For more information on teams and configuring team scope, refer to the Manage Teams and Roles documentation.

Segments

Aggregated data can be split into smaller sections by segmenting the data with labels. This allows for the creation of multi-series comparisons and multiple alerts. In the first image, the metric is not segmented:

373555623.png

In the second image, the same metric has been segmented by container.id:

373555616.png

Line and Area panels can display up to five different segments for any given metric. The example image below displays the net.byte.in metric segmented by both container.id and net.http.url:

373555609.png

For more information regarding segmentation in dashboard panels, refer to the Configure Panels documentation. For more information regarding configuring alerts, refer to the Alerts documentation.

The Meaning of n/a

Sysdig Monitor imports data related to entities such as hosts, containers, processes, and so on, and reports them in tables or panels on the Explore and Dashboards UI, as well as in events, so across the UI you see varieties of data. The term n/a can appear anywhere on the UI where some form of data is displayed.

n/a is a term that indicates data that is not available or that it does not apply to a particular instance. In Sysdig parlance, the term signifies one or more entities defined by a particular label, such as hostname or Kubernetes service, for which the label is invalid. In other words, n/a collectively represent entities whose metadata is not relevant to aggregation and filtering techniques—Grouping, Scoping, and Segmenting. For instance, a list of Kubernetes services might display the list of all the services as well as n/a that includes all the containers without the metadata describing a Kubernetes service.

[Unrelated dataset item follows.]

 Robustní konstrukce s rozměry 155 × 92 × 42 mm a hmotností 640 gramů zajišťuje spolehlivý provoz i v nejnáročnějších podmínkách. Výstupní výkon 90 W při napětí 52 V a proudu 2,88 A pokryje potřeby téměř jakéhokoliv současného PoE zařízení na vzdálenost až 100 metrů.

You might encounter n/a sporadically in Explore UI as well as in drill-down panels or dashboards, events, and likely elsewhere on the Sysdig Monitor UI when no relevant metadata is available for that particular display. How n/a should be treated depends on the nature of your deployment. The deployment will not be affected by the entities marked n/a.

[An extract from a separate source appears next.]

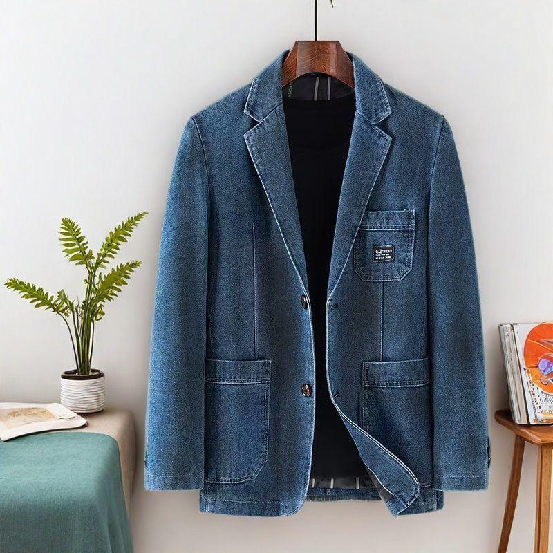 Elevate your style with this versatile single-breasted denim blazer, designed specifically for the modern man. Perfect for the transitional seasons of spring and autumn, this jacket features a tailored neckline and a sleek silhouette. Crafted from a high-quality wool material, it offers a thin outerwear layer that ensures comfort and sophistication. The jacket includes detailing with soft wool fur, providing a luxurious touch to your everyday look. Ideal for both casual and semi-formal occasions, this jacket effortlessly combines trendy aesthetics with high-end fashion.

The following are some of the cases that yield n/a on the UI:

  • Labels are partially available or not available. For example, a host has entities that are not associated with a monitored Kubernetes deployment, or a monitored host has an unmonitored Kubernetes deployment running.

  • Labels that do not apply to the grouping criteria or at the hierarchy level. For example:

    • Containers that are not managed by Kubernetes. The containers managed by Kubernetes are identified with their  container.name labels.

    • In certain groupings by DaemonSet, Deployments render N/A and vice versa. Not all containers belong to both DaemonSet and Deployment objects concurrently. Likewise, a Kubernetes ReplicaSet grouping with the  kubernetes.replicaset.name label will not show StatefulSets.

    • In a kubernetes.cluster.name > kubernetes.namespace.name > kubernetes.deployment.name  grouping, the entities without the kubernetes.cluster.name label yield n/a.

  • Entities are incorrectly labeled in the infrastructure.

  • Kubernetes features that are yet to be in sync with Sysdig Monitoring.

  • The format is not applicable to a particular record in the database.